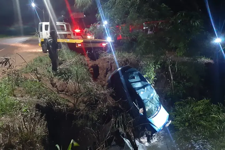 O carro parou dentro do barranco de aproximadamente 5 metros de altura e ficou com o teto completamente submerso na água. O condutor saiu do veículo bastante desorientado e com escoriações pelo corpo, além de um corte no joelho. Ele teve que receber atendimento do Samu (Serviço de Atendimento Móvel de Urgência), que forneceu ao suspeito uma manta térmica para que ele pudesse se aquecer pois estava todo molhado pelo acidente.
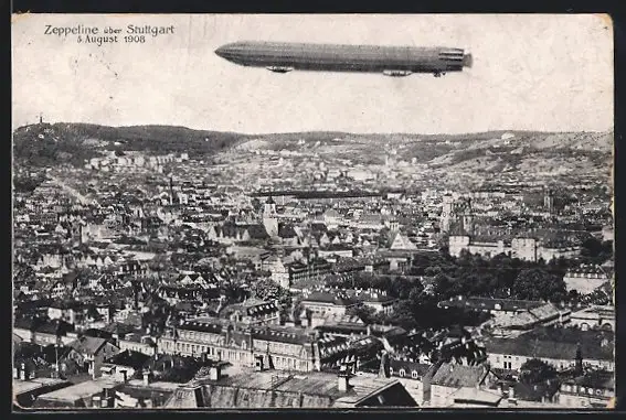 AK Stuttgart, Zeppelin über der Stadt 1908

§ §

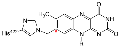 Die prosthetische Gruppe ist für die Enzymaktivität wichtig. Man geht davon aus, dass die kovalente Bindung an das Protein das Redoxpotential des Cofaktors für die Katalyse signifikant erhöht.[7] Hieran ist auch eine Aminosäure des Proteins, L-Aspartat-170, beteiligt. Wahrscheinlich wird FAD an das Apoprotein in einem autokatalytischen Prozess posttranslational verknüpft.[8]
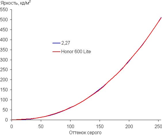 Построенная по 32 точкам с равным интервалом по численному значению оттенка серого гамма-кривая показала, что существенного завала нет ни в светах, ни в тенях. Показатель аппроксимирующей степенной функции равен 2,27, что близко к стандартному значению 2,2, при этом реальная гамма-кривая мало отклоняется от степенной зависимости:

§ §

What you are asked to do :: Repeat exactly the lines above, from the line that contains "O carro parou" down through the line that contains "AK Stuttgart, Zeppelin über der Stadt 1908". Include both of those lines and none of the pictures.

Response to the exercise ::
 O carro parou dentro do barranco de aproximadamente 5 metros de altura e ficou com o teto completamente submerso na água. O condutor saiu do veículo bastante desorientado e com escoriações pelo corpo, além de um corte no joelho. Ele teve que receber atendimento do Samu (Serviço de Atendimento Móvel de Urgência), que forneceu ao suspeito uma manta térmica para que ele pudesse se aquecer pois estava todo molhado pelo acidente.
 AK Stuttgart, Zeppelin über der Stadt 1908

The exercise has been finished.